The limitations of the magic undelete in Linux

September 8, 2015

Imagine you were running the command below ...

sed 's/Linux/GNU Linux/g' linux-history.txt > linux-history.txt

If you're experienced on the GNU Linux command line, you're likely trying to punch me through your monitor right now. That's unfortunate for you as you've a broken screen.

For the rest of you, piping a file into itself (take the results of A and put it back into A) deletes the file.

If you would prefer to avoid destroying files by piping into themselves, setting noclobber in bashrc is a great idea! Sadly this won't save you if you accidentally delete a file...

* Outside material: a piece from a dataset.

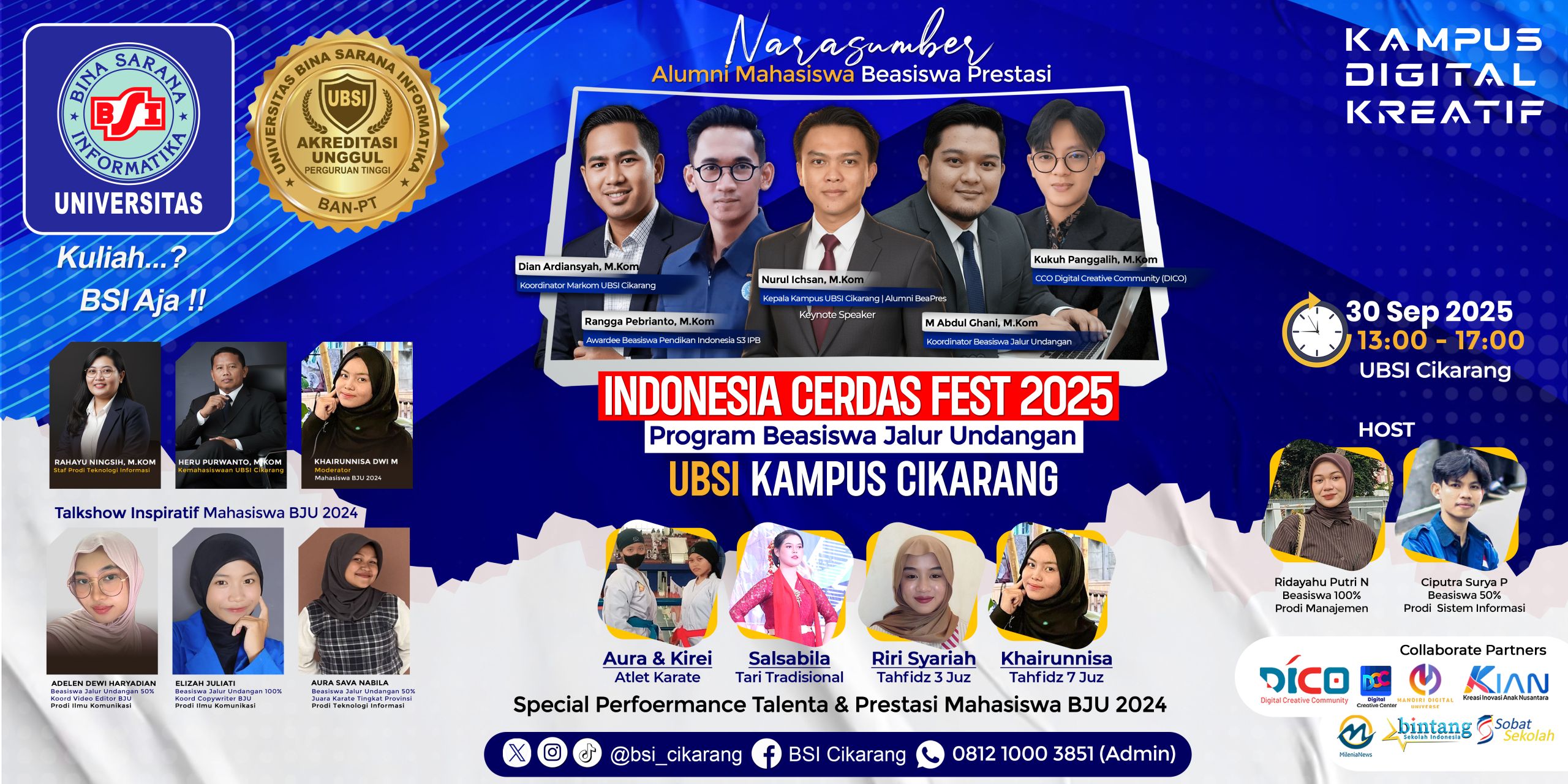 Saatnya generasi muda melompat lebih tinggi! Universitas Bina Sarana Informatika (UBSI) Kampus Cikarang kembali menghadirkan event akbar yang penuh inspirasi: Indonesia Cerdas Fest 2025, sebuah momentum emas bagi para calon mahasiswa, pelajar, dan generasi muda yang haus prestasi.

Even if you know this to be a terrible idea, you've likely still done it by accident at least once, whether it's due to trusting tab completion too much, the subconscious inability to deal with the one hundredth mangled CSV file that day, or general self loathing.

This is the situation I found myself in - one stray command deleting hours and hours of work. The data clobbered was 300 whales faces (I'm not crazy, I promise), deleted just as I was putting them into version control.

WHERE'S THE UNDO!?!?!?!

The tragedy: once you've deleted a file on the Unix command line it's almost certainly lost. Almost certainly.

In all of those hacker TV shows, you'll likely see them destroying the hard drive with microwaves, thermite, sledgehammers, or puppy incinerators. There's a good reason for that - it's actually possible to recover a lot from improperly deleted files. This gives us hope. Vague hope - the kind of hope you might have that a TV character, introduced that very episode (and only two days from retirement) will not die horribly within in the next five minutes (see: retirony).

The N stages of recovery

When you delete a file, it's rarely gone

To understand why we can get a file back, it's important to understand how it's stored in the first place. Imagine we had hundreds of little boxes, each with a stack of papers in them. In file system terms, we refer to these as blocks. If you'r That brilliant novel you're writing, that one about a modern day Frankenstein created by Siri to force people to use Apple Maps, is in boxes ordered #8, #4, #12 and #2. You store this on a piece of paper you put in your pocket. In file system terms, we refer to this as an inode. If you're really interested, you can list both the inode and all the blocks that compose a file.

Imagine your novel had a dozen rejections. At this point, in a drunken stupor, you decide (like Frankenstein himself) to destroy your creation. You rip up the piece of paper in your pocket angrily, then curse yourself as you've forgotten which boxes hold the pages to your novel.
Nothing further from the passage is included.